Action item - Please keep pictures out and return the lines below exactly, from the one holding "材质: 毛绒 里料质地: 尼龙" through the last, both included.

Recorded data -
*** Block opens ***

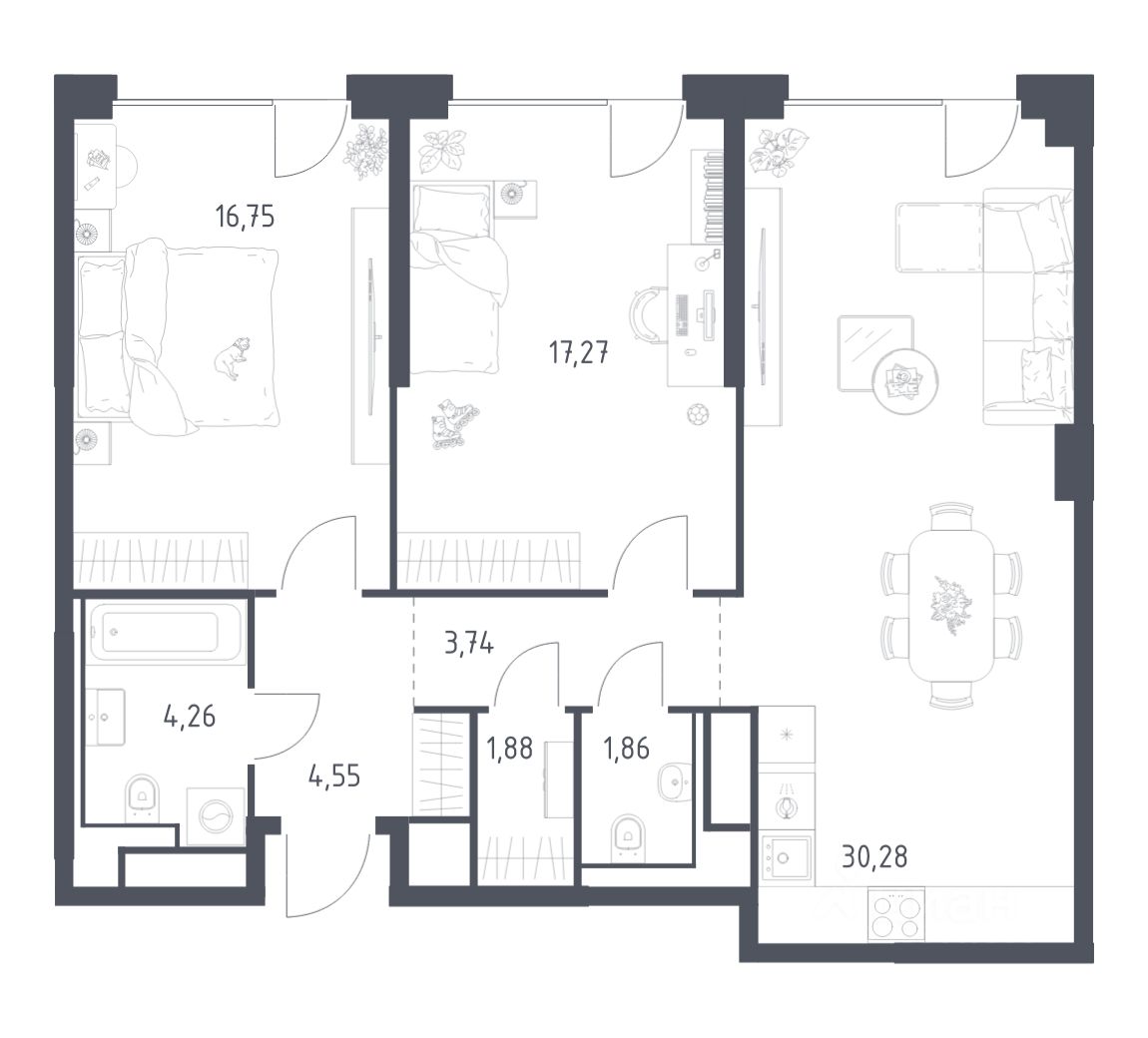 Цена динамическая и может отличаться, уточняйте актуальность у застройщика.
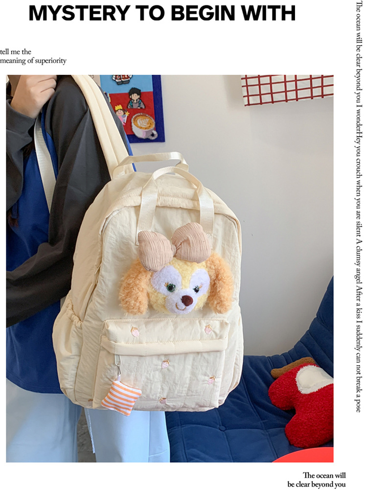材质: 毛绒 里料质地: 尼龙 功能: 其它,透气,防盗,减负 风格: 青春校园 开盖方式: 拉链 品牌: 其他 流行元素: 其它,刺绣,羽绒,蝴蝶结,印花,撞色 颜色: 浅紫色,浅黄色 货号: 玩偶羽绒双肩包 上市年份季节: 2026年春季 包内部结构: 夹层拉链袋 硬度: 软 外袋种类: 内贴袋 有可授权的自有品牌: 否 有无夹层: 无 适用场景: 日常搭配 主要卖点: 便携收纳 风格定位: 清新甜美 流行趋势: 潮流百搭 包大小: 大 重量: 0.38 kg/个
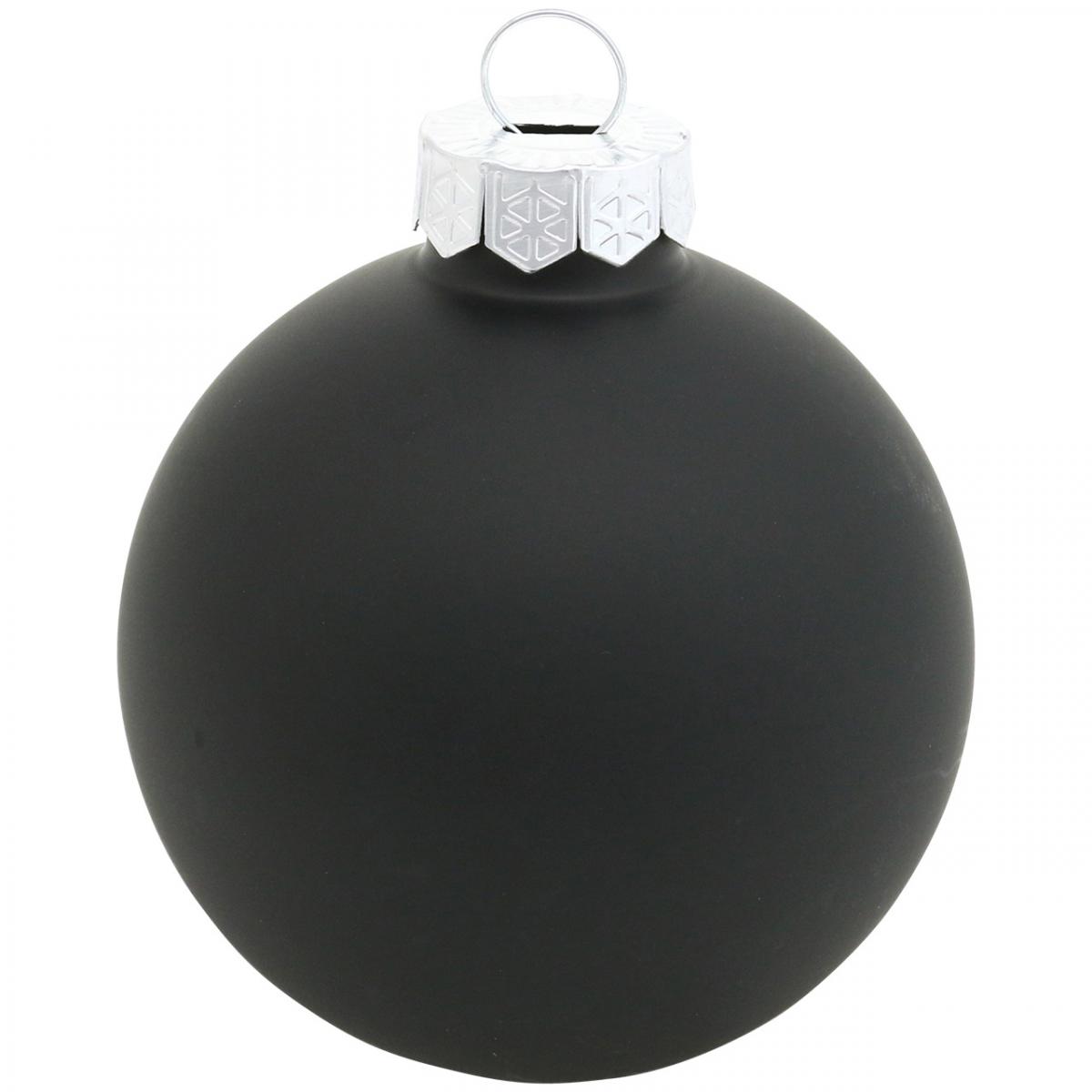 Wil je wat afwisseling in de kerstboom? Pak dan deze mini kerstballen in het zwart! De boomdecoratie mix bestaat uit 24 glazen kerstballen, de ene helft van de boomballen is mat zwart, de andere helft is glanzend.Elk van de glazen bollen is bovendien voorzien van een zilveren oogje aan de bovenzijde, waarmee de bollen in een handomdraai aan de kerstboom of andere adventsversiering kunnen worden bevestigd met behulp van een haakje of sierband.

*** Block closes ***

Result of the task -
材质: 毛绒 里料质地: 尼龙 功能: 其它,透气,防盗,减负 风格: 青春校园 开盖方式: 拉链 品牌: 其他 流行元素: 其它,刺绣,羽绒,蝴蝶结,印花,撞色 颜色: 浅紫色,浅黄色 货号: 玩偶羽绒双肩包 上市年份季节: 2026年春季 包内部结构: 夹层拉链袋 硬度: 软 外袋种类: 内贴袋 有可授权的自有品牌: 否 有无夹层: 无 适用场景: 日常搭配 主要卖点: 便携收纳 风格定位: 清新甜美 流行趋势: 潮流百搭 包大小: 大 重量: 0.38 kg/个
 Wil je wat afwisseling in de kerstboom? Pak dan deze mini kerstballen in het zwart! De boomdecoratie mix bestaat uit 24 glazen kerstballen, de ene helft van de boomballen is mat zwart, de andere helft is glanzend.Elk van de glazen bollen is bovendien voorzien van een zilveren oogje aan de bovenzijde, waarmee de bollen in een handomdraai aan de kerstboom of andere adventsversiering kunnen worden bevestigd met behulp van een haakje of sierband.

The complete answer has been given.